As shown in FIG. 3, the housing 40 has an input-side cable 20A connected to the external power supply 10 inserted into the housing 40 from the side. The insertion portion of the input cable 20A is watertight. As described above, since the housing 40 is buried in the ground, the portion of the input cable 20A that is inserted into the housing 40 is routed in the ground. The input side cable 20A is exposed above the ground surface G in the middle and connected to the external power supply 10 . Moreover, in this embodiment, the input side cable 20A is configured so that its length can be adjusted. For example, in the middle of the input cable 20A, a bend may be provided, or a retractable storage section may be provided.

In addition, the housing 40 exposes the output cable 20B to which the charging plug 20C is connected to the outside from the upper surface 40a. Further, as shown in FIG. 3, the housing 40 has an accommodating portion 41 that accommodates the charging plug 20C and the output side cable 20B. The housing portion 41 is formed on the upper surface 40 a of the housing 40 . The accommodating portion 41 may accommodate the entire exposed output-side cable 20B and the charging plug 20C as long as it can be fixed to the housing 40 .

Furthermore, in the present embodiment, the charging device 100 is configured so that the housing 40 can move along the ground surface G. As shown in FIG. As shown in FIG. 2, charging device 100 includes moving rails L1 and L2 that are arranged to face each other. In this embodiment, the moving rails L1 and L2 are arranged so as to sandwich the housing 40 in the ground. The moving rails L1 and L2 extend side by side along the continuously arranged sections 1a. Housing 40 of charging device 100 is arranged to be movable along movement rails L1 and L2. That is, the housing 40 can move on the movement rails L1 and L2. As described above, since the input cable 20A is configured to be able to expand and contract in the ground, it can expand and contract along with the movement of the housing 40 so as not to hinder movement. The movement of the housing 40 may be performed manually by the user, or a driving device for moving the housing 40 may be provided, and the user may input a movement instruction to an operation unit (not shown), thereby automatically moving the housing 40. You can move it.

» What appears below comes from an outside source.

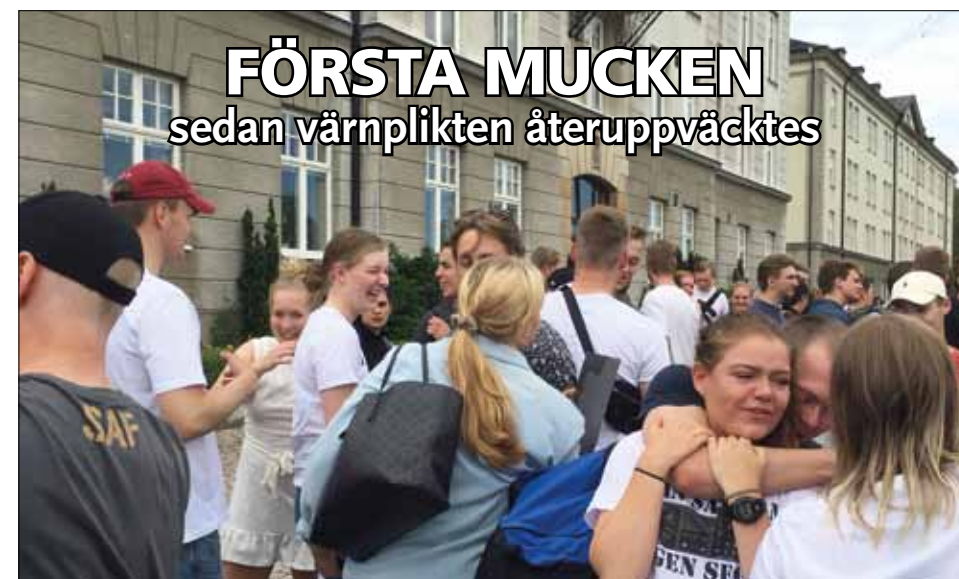
FÖRSTA MUCKEN sedan värnplikten återuppväcktes – Först glada, sedan ledsna, ryckte den första värnpliktsomgången ut från Luftvärnsregementet den 14 juni 2019 kl 12.20.

The charging device 100 further includes a cooling section (cooling means) 50 . The cooling unit 50 has a cooling water flow path 51 provided on the side surface of the housing 40 . The cooling water flow path 51 is connected to the reservoir 55 . The storage part 55 is a tank that stores rainwater. The cooling unit 50 is configured to supply rainwater stored in the storage unit 55 by a pump (not shown) to the cooling water flow path 51 as cooling water. The cooling water flow path 51 allows heat exchange between the side surface of the housing 40 and the cooling water. Since the housing 40 is watertight, the heat exchange between the side surface of the housing 40 and the cooling water may be performed by directly supplying the cooling water to the side surface of the housing 40, or by supplying the cooling water to a pipe (not shown). Heat may be exchanged between the piping and the side surface of the housing 40 by flowing it. Thereby, the housing 40 that accommodates the power supply circuit 30 can be cooled. Note that heat transfer may be improved by filling the internal space of the housing 40 with a resin material. Further, the cooling water flow path 51 may move together with the housing 40 when the housing 40 is moved along the movement rails L1 and L2, or may be arranged in advance along the movement rails L1 and L2. It may be formed so as to be able to exchange heat with the housing 40 wherever the housing 40 is located.

As described above, the charging device 100 according to the embodiment includes the input cable 20A connected to the external power supply 10, the output cable 20B provided with the charging plug 20C connected to the vehicle, and the input cable 20A. and the output cable 20B are connected, a power supply circuit 30 for supplying power from the external power supply 10 to the charging plug 20C, and a housing 40 that houses the power supply circuit 30. It is placed underground and is movable in a direction along the ground surface G.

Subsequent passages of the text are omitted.